A regulação canadense das nanopartículas sintéticas é guiado pela necessidade de promover os benefícios das inovações nanotecnológicas e limitar os riscos ambientais e de saúde em todo o ciclo de vida do produto. Produtos contendo nanopartículas sintéticas e nanomateriais estão sujeitos aos regulamentos em vigor em consumidores, saúde, embalagem e produtos industriais.

Mensagens-chave

ainda não o papel de vetores passivos Na transmissão da Covid-19, e a pesquisa está em andamento sobre este assunto. As preocupações sobre a transmissão de vetores passivos atraíram interesse no potencial de produtos auto-defeituosos contendo nanopartículas sintéticas para limitar a propagação da CVIV-19. No entanto, será necessário responder a várias perguntas antes que este tipo de produto se torne o padrão em protocolos de desinfecção.

  • Qual é a eficiência da auto-confusão em comparação com os métodos convencionais? Li “em Que condições os produtos contendo nanopartículas sintéticas complementam ou substituem os métodos de desinfecção convencionais?
  • Quais são os riscos para a saúde de produtos que contêm nanopartículas sintéticas em comparação com outros desinfetantes e desinfetantes (produtos químicos, raios ultravioleta, spray eletrostático)? / li>
  • Quais são os custos de auto-semente em comparação com outros métodos?

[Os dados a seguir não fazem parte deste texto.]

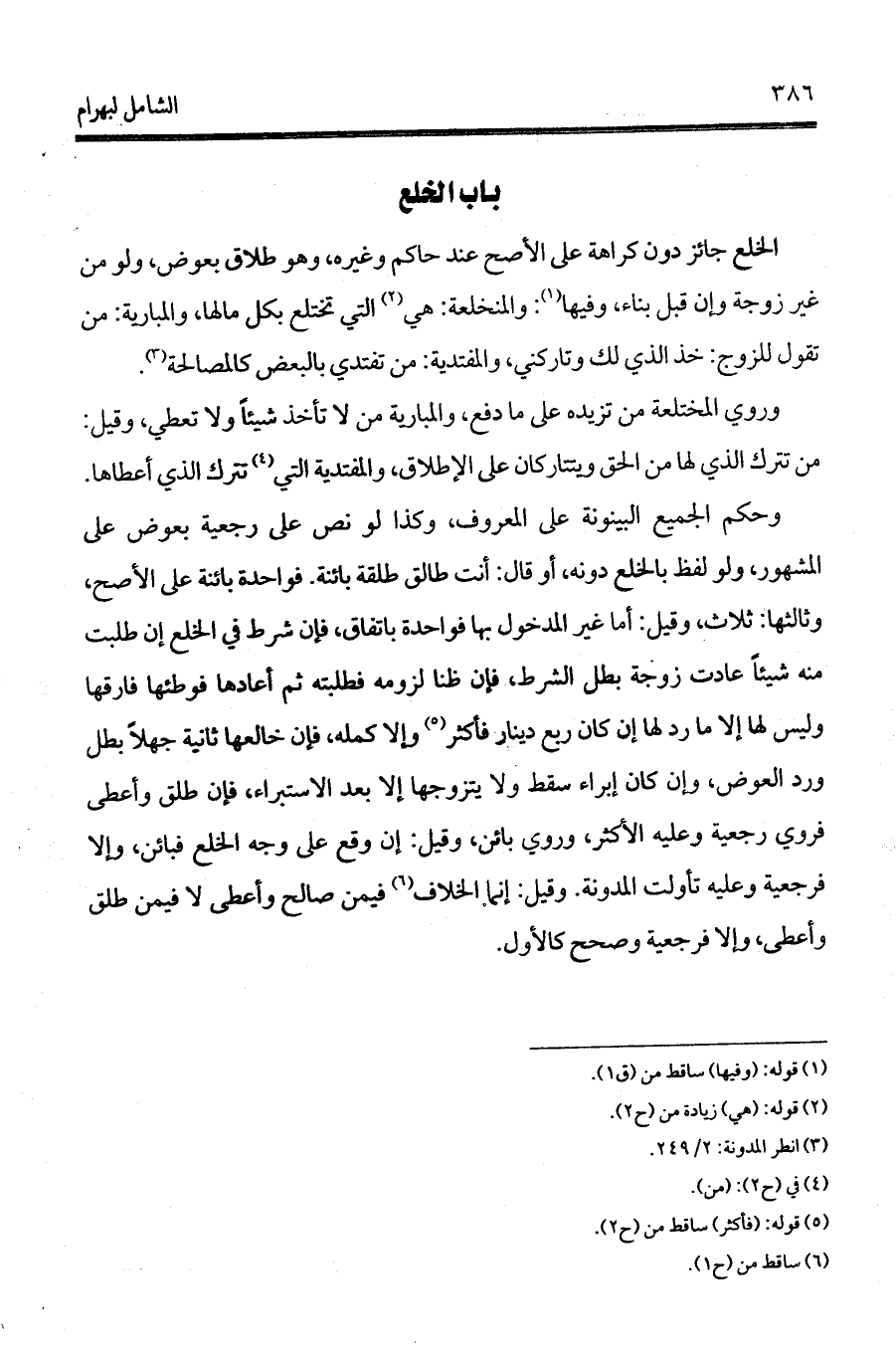 الخلع جائز دون كراهة على الأصح عند حاكم وغيره، وهو طلاق بعوض، ولو من غير زوجة وإن قبل بناء، وفيها (¬1): والمنخلعة: هي (¬2) التي تختلع بكل مالها، والمبارية: من تقول للزوج: خذ الذي لك وتاركني، والمفتدية: من تفتدي بالبعض كالمصالحة (¬3). وروي المختلعة من تزيده على ما دفع، والمبارية من لا تأخذ شيئاً ولا تعطي، وقيل: من تترك الذي لها من الحق ويتتاركان على الإطلاق، والمفتدية التي (¬4) تترك الذي أعطاها. وحكم الجميع البينونة على المعروف، وكذا لو نص على رجعية بعوض على المشهور، ولو لفظ بالخلع دونه، أو قال: أنت طالق طلقة بائنة. فواحدة بائنة على الأصح، وثالثها: ثلاث، وقيل: أما غير المدخول بها فواحدة باتفاق، فإن شرط في الخلع إن طلبت منه شيئاً عادت زوجة بطل الشرط، فإن ظنا لزومه فطلبته ثم أعادها فوطئها فارقها وليس لها إلا ما رد لها إن كان ربع دينار فأكثر (¬5) وإلا كمله، فإن خالعها ثانية جهلاً بطل ورد العوض، وإن كان إبراء سقط ولا يتزوجها إلا بعد الاستبراء، فإن طلق وأعطى فروي رجعية وعليه الأكثر، وروي بائن، وقيل: إن وقع على وجه الخلع فبائن، وإلا فرجعية وعليه تأولت المدونة. وقيل: إنما الخلاف (¬6) فيمن صالح وأعطى لا فيمن طلق وأعطى، وإلا فرجعية وصحح كالأول،

Um dos desafios colocados pela avaliação de risco e benefícios desses novos produtos é que a maioria de A informação sobre eles é reservada para o seu dono.Assim, o monitoramento regulatório deve seguir a taxa de inovações para garantir a segurança e a eficiência deste tipo de produto.

Recursos adicionais

  • Declaração de política sobre a definição de anúncio Hoc de saúde do Canadá para nanomateriais (Health Canada)
  • lin, Q., JYC LIM, K. Xue, Pym Yew, C. OWH, PL Chee e XJ LOH. “Sanitizando agentes para inativação e desinfecção de vírus”, ver, 1, No. 2 (junho 2020), p. E16
  • ambiental, saúde e segurança (iniciativa nanotecnologia nacional)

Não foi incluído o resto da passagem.